ARM anorectal manometry, DRE digital rectal examination, PRO patient-reported outcome, DRESS Digital Rectal Examination Scoring System, CRADI Colorectal Anal Distress Inventory, MMHQ Modified Manchester Health Questionnaire, CRAIQ Colorectal Anal Impact Questionnaire

aInverse (negative) correlations with the ARM and DRE measures represent a lower symptom burden, a lower impact on quality of life, a decreased number of leaks per day, and decreased pad changes per day with increases in ARM and DRE measures

bPositive correlations with the ARM and DRE measures represent higher numbers of accident-free days with increases in ARM and DRE measures

We found consistent correlations between impact on quality life PROs and squeeze DRE and ARM findings at baseline, but only DRE findings remained significantly correlated at 24 weeks (Table 3).
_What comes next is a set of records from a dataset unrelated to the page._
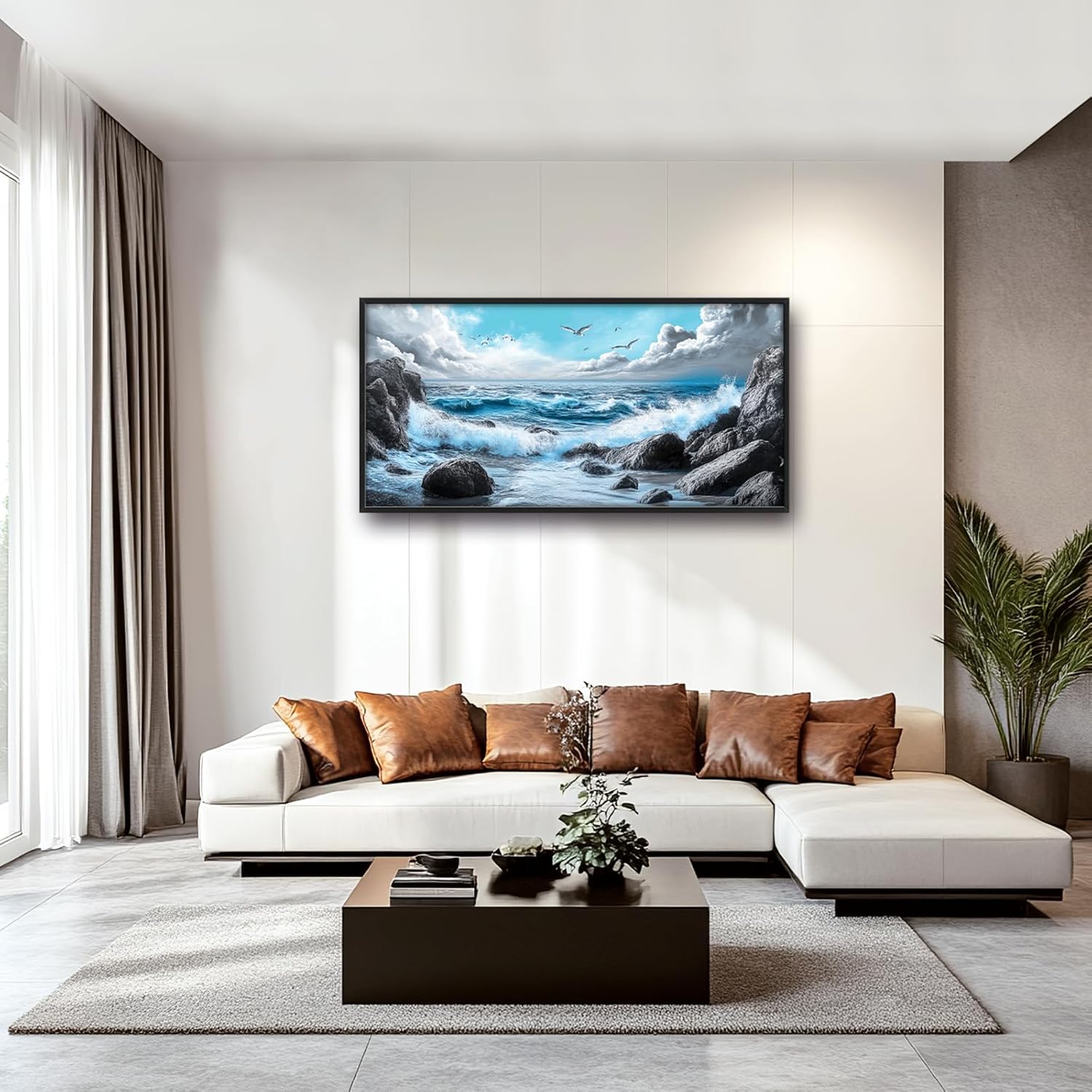 - 【Unique Design】 A stunning ocean scene with crashing waves, rocks, and seagulls in the sky. The blue sea, white clouds, rocks, seashore, sea foam, seashells, waves splashing on the shore, and a blue sky create a breathtaking landscape. The black rocks and stones contrast with the blue waves and water, resulting in a serene and captivating scene.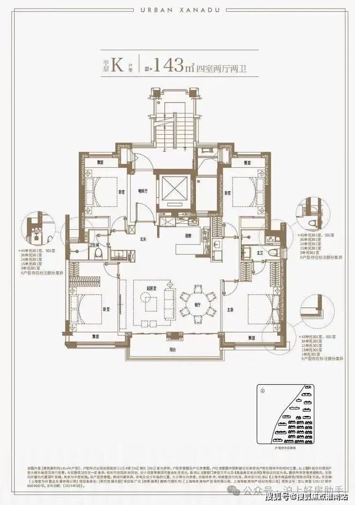 全套户型图如下,户型为建面约105-128-136-143㎡3-4房。叠墅139-143㎡!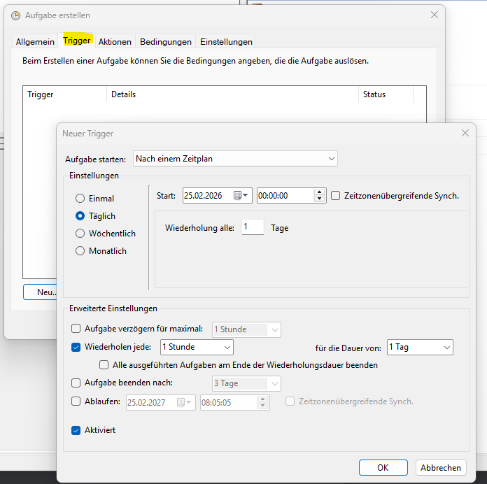 Als nächstes den Trigger definieren, wann die Aufgabe in welcher Wiederholung ausgeführt werden soll:

Specifically, CRAIQ score inversely correlated with squeeze ARM pressures at baseline only (−0.145, p=0.01), whereas CRAIQ scores correlated inversely with squeeze DRESS scores at baseline (−0.133, p=0.02) and 24 weeks (−0.154, p=0.01). We found similar inverse correlations with MMHQ impact subscale scores and squeeze ARM pressures at baseline (−0.129, p=0.03). Similar to CRAIQ scores, MMHQ scores correlated inversely with squeeze DRESS scores at both baseline (−0.127, p=0.03) and 24 weeks (−0.260, p<0.001).

From the bowel diary PROs, the average pad changes per day had the most consistent correlations with ARM and DRE findings across most timepoints. We found inverse correlations between average pad changes per day and higher squeeze ARM pressures at baseline (−0.135, p=0.02), 12 weeks (−0.135, p=0.03), and 24 weeks (−0.137, p=0.03), as well as higher squeeze DRESS scores at baseline (−0.122, p=0.03) and at 24 weeks (−0.192, p=0.002). Pad usage correlated inversely with resting ARM pressures (−0.133, p=0.02) only at baseline. We found less consistent findings for accident-free days and average leaks per day across other ARM and DRE findings. Leaks per day correlated with volume of first air sensation on ARM at baseline (0.120, p=0.04), 12 weeks (0.137, p=0.03), and at 24 weeks (0.168, p=0.009) and correlated inversely with squeeze ARM pressures at 12 weeks only (−0.160, p=0.01).

Accident-free days correlated inversely with volume of first air sensation on ARM at 12 weeks (−0.157, p=0.01) and at 24 weeks (−0.182, p=0.004) and correlated with squeeze ARM pressures at 12 weeks only (0.157, p=0.01).

Discussion

Overall, we found weak correlations between PROs and standardized DRE and ARM measures among women with FI. Fecal incontinence and colorectal symptom severity measures across timepoints correlated more consistently with squeeze ARM and DRE findings than other PROs, such as impact on quality of life and bowel diary measures. We found inconsistent correlations with PROs and resting DRE and ARM findings. Our findings question the need to perform more invasive assessments, such as ARM, as they may not accurately represent symptom severity over time in women participating in a FI treatment clinical trial that utilized first-line treatments.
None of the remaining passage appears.